§ ASSIGNMENT
With pictures removed, print the listing exactly.

§ DATA BLOCK
[Start of Attachment]
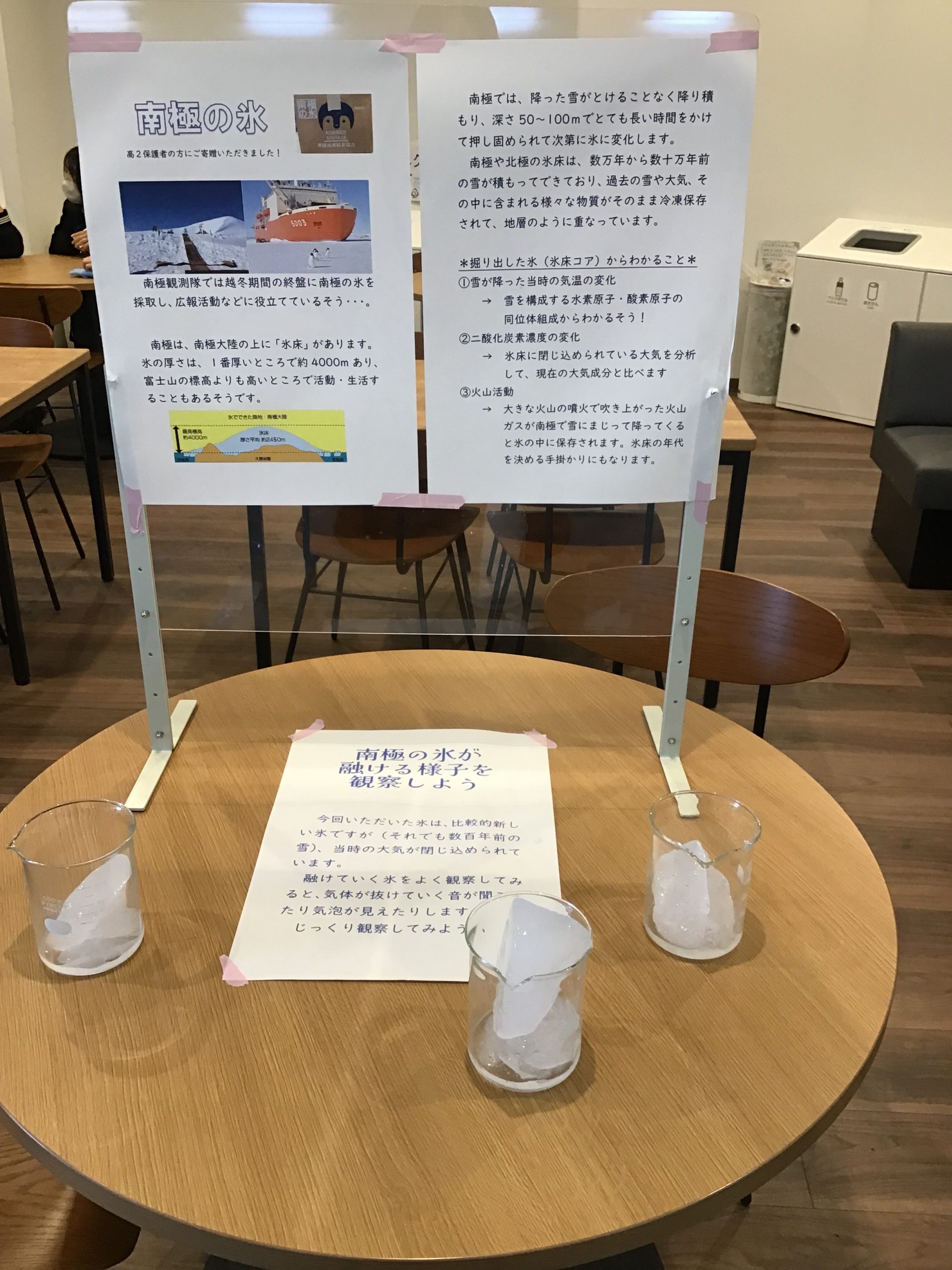 12月8日から、7月にご寄贈いただいた南極の氷を校内に展示しています。
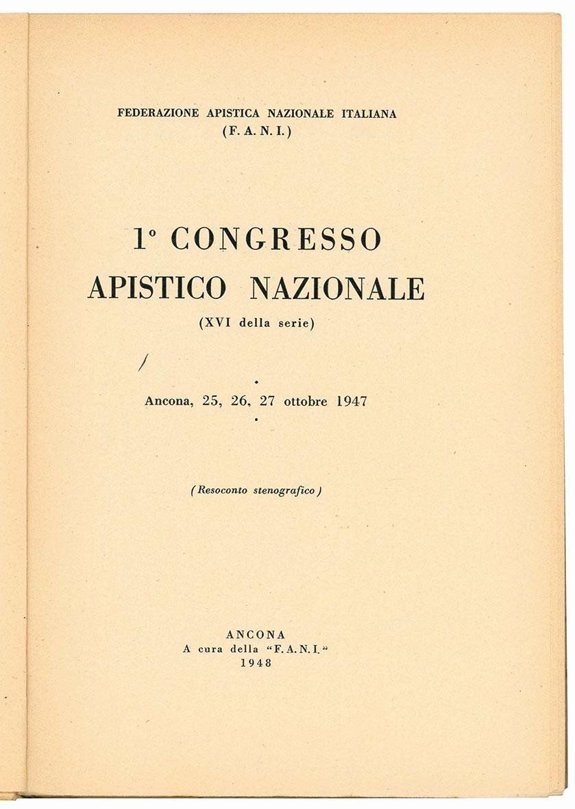 1^ Congresso Apistico Nazionale (XVI della serie). Ancona, 25, 26, 27 ottobre 1947. (Resoconto stenografico).
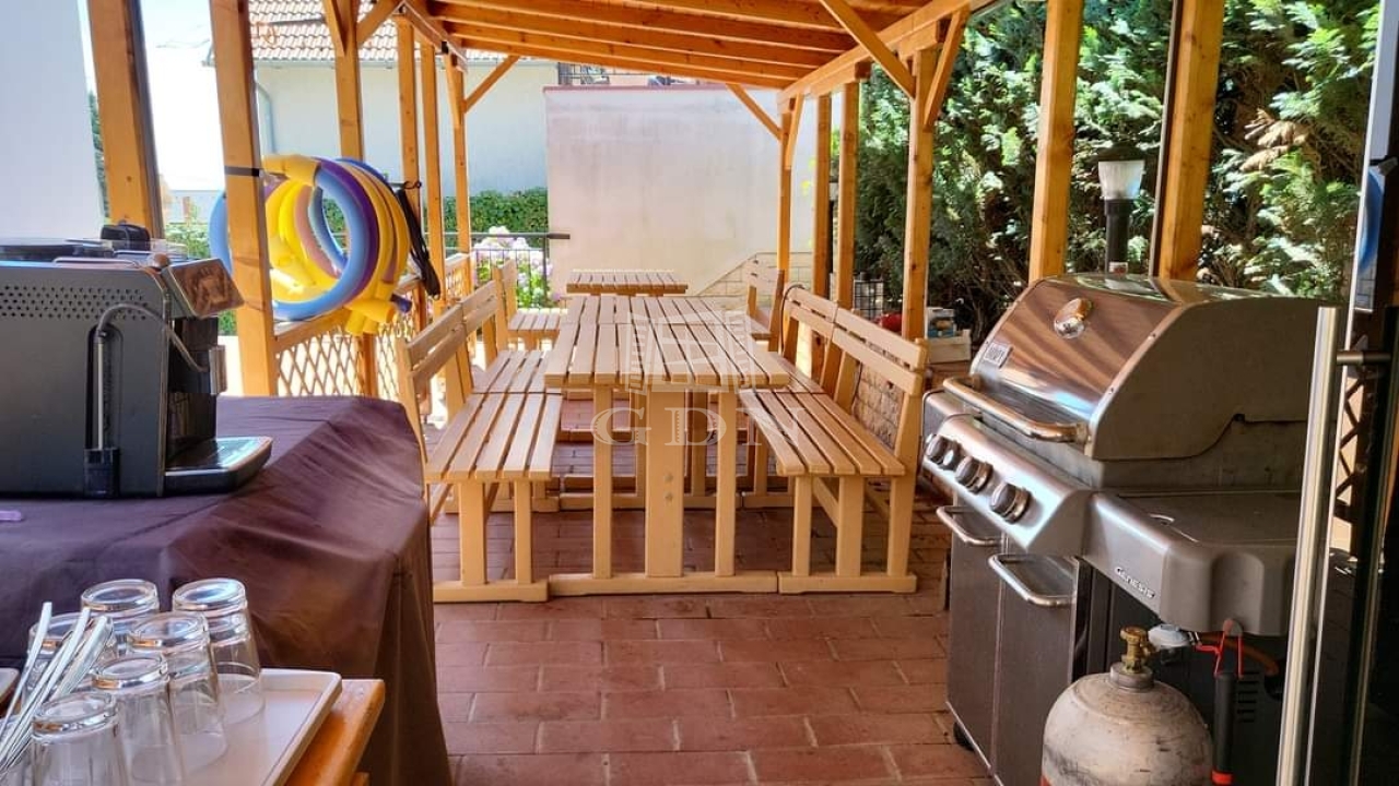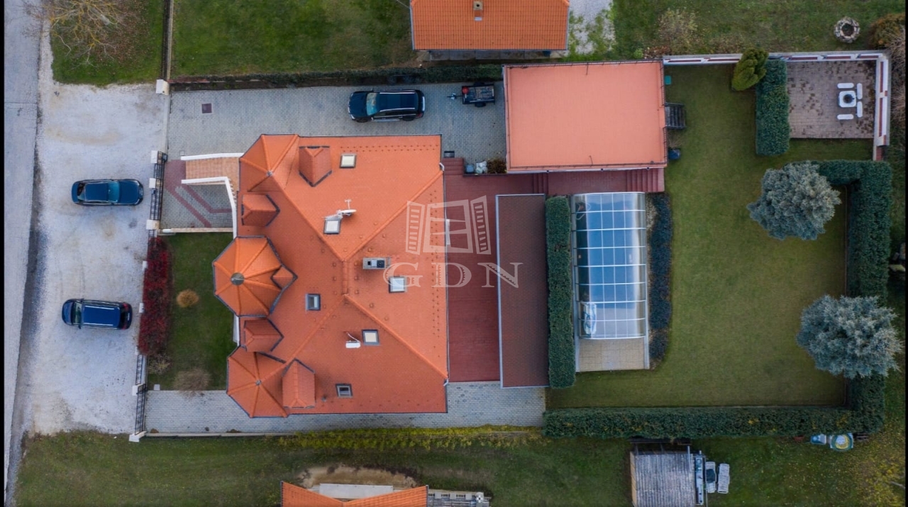 A kétállásos garázs és öt további parkolóhely biztosítja a helyet az autóknak.
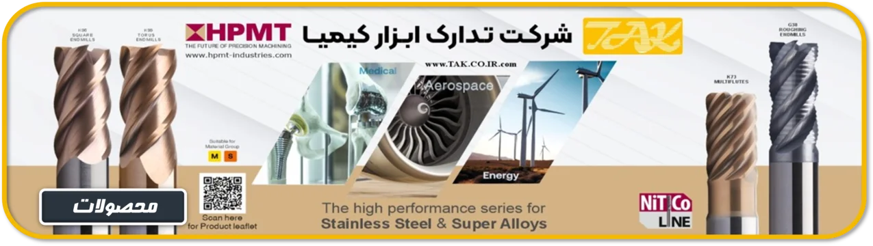 - HPMT : ابزارهای برشی با عملکرد پایدار و طول عمر بالا از جمله انواع فرز های انگشتی، مته های کارباید، فرز های کارباید، برقو های کارباید با دقت بالا و همینطور ساخت ابزار های مخصوص طبق دستورنقشه.
[End of Attachment]
§ REPLY TO THE EXERCISE
 12月8日から、7月にご寄贈いただいた南極の氷を校内に展示しています。
 1^ Congresso Apistico Nazionale (XVI della serie). Ancona, 25, 26, 27 ottobre 1947. (Resoconto stenografico).
 A kétállásos garázs és öt további parkolóhely biztosítja a helyet az autóknak.
 - HPMT : ابزارهای برشی با عملکرد پایدار و طول عمر بالا از جمله انواع فرز های انگشتی، مته های کارباید، فرز های کارباید، برقو های کارباید با دقت بالا و همینطور ساخت ابزار های مخصوص طبق دستورنقشه.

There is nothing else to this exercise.